Exercise:
Look in the data below for the line that has "검찰과 피고인 측이 모두진술을", then print exactly every line from there through the line that has "日光山輪王寺にある3代将軍家", leaving pictures out.

Data extracts:
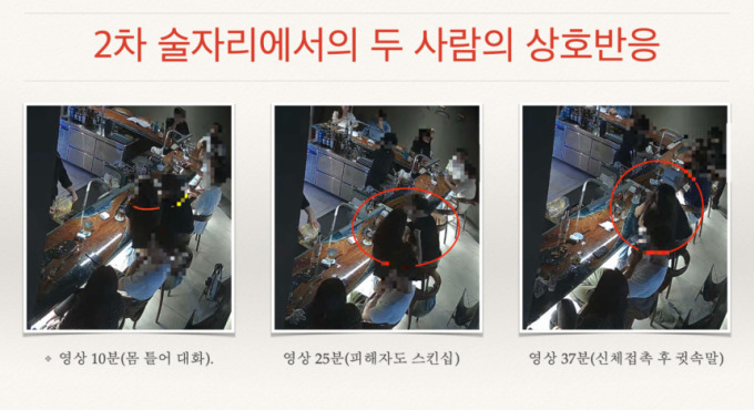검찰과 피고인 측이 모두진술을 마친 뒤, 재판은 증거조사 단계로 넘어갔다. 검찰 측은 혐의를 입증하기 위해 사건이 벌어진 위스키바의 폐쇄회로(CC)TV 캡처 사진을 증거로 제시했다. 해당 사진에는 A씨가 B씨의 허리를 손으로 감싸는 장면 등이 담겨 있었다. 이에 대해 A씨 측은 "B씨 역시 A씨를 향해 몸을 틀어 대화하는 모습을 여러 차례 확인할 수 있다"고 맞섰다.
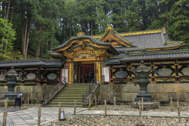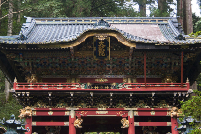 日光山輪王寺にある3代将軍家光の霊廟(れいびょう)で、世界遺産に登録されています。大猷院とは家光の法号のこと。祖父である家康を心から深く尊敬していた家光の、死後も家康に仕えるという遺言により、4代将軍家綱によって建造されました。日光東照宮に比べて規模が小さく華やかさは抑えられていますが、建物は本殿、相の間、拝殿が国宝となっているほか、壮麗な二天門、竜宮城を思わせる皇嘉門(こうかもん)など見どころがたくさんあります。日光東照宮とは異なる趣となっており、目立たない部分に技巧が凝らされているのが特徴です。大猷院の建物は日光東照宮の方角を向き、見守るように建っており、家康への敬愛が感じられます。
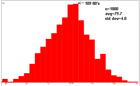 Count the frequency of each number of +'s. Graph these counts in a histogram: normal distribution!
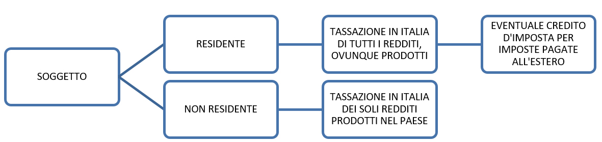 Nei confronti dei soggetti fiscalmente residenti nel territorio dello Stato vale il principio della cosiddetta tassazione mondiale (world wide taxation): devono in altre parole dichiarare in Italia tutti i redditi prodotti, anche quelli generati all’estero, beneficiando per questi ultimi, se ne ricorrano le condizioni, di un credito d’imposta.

...

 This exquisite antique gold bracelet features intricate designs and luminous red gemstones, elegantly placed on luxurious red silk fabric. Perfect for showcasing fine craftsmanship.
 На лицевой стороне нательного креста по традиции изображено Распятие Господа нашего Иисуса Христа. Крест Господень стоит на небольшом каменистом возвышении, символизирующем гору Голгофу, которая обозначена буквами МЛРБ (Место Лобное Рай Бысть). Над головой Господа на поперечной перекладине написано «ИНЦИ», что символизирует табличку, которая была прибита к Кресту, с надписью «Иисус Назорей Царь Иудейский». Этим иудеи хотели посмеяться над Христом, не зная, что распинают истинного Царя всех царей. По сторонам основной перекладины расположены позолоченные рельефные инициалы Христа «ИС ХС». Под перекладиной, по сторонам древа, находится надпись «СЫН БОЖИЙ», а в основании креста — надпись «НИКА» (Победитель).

Task output:
검찰과 피고인 측이 모두진술을 마친 뒤, 재판은 증거조사 단계로 넘어갔다. 검찰 측은 혐의를 입증하기 위해 사건이 벌어진 위스키바의 폐쇄회로(CC)TV 캡처 사진을 증거로 제시했다. 해당 사진에는 A씨가 B씨의 허리를 손으로 감싸는 장면 등이 담겨 있었다. 이에 대해 A씨 측은 "B씨 역시 A씨를 향해 몸을 틀어 대화하는 모습을 여러 차례 확인할 수 있다"고 맞섰다.
 日光山輪王寺にある3代将軍家光の霊廟(れいびょう)で、世界遺産に登録されています。大猷院とは家光の法号のこと。祖父である家康を心から深く尊敬していた家光の、死後も家康に仕えるという遺言により、4代将軍家綱によって建造されました。日光東照宮に比べて規模が小さく華やかさは抑えられていますが、建物は本殿、相の間、拝殿が国宝となっているほか、壮麗な二天門、竜宮城を思わせる皇嘉門(こうかもん)など見どころがたくさんあります。日光東照宮とは異なる趣となっており、目立たない部分に技巧が凝らされているのが特徴です。大猷院の建物は日光東照宮の方角を向き、見守るように建っており、家康への敬愛が感じられます。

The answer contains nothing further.